A team of researchers, including one of Indian origin, has developed a tool which allows users to execute operations on a smartphone by combining gaze control and simple hand gestures.
While smartphone devices have grown to accommodate the bigger screens and higher processing power needed for more demanding activities, the problem is that they frequently require a second hand or voice commands to operate.
The new tool called EyeMU, developed by researchers at Carnegie Mellon University in the US, shows how gaze estimation using a phone’s user-facing camera can be paired with motion gestures to enable a rapid interaction technique on handheld phones.
“Current phones only respond when we ask them for things, whether by speech, taps or button clicks,” said Andy Kong, a senior majoring in computer science at the University.
“Imagine how much more useful it would be if we could predict what the user wanted by analysing gaze or other biometrics,” Kong added.

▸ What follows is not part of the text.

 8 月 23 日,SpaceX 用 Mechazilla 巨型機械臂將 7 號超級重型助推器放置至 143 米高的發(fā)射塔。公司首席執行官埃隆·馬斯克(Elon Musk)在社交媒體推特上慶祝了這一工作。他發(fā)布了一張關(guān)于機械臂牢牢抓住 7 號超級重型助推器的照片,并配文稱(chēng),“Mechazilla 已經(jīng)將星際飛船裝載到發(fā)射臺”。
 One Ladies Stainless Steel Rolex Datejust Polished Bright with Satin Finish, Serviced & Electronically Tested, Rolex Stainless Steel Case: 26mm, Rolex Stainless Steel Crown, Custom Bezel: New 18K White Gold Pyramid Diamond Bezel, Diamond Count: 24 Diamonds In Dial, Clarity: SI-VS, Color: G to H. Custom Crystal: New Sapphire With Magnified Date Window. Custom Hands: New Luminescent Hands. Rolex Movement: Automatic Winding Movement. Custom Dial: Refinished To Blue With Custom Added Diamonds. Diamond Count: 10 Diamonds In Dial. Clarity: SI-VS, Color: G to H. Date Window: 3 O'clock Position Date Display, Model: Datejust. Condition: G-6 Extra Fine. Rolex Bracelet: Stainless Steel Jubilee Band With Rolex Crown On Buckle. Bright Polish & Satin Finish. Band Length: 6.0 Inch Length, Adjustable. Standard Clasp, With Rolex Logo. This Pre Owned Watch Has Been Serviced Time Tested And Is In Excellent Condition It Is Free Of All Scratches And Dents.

The first step was a programme that used a laptop’s built-in camera to track the user’s eyes, which in turn moved the cursor around the screen.
“We asked the question, ‘Is there a more natural mechanism to use to interact with the phone?’ And the precursor for a lot of what we do is to look at something,” said Karan Ahuja, a doctoral student in human-computer interaction.

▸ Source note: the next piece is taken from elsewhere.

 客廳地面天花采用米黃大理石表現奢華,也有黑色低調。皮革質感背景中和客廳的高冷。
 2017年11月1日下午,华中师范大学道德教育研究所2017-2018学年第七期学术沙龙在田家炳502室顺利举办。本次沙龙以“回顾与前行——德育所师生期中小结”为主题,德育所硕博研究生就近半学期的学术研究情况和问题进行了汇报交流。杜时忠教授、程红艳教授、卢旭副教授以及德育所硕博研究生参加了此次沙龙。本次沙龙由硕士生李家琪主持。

Kong and Ahuja advanced that early prototype by using Google’s Face Mesh tool to study the gaze patterns of users looking at different areas of the screen and render the mapping data.
Next, the team developed a gaze predictor that uses the smartphone’s front-facing camera to lock in what the viewer is looking at and register it as the target.
They made the tool more productive by combining the gaze predictor with the smartphone’s built-in motion sensors to enable commands.
For example, a user could look at a notification long enough to secure it as a target and flick the phone to the left to dismiss it or to the right to respond to the notification.
“The real innovation in this project is the addition of a second modality, such as flicking the phone left or right, combined with gaze prediction. That’s what makes it powerful. It seems so obvious in retrospect, but it’s a clever idea that makes EyeMU much more intuitive,” said Chris Harrison, an associate professor at the varsity.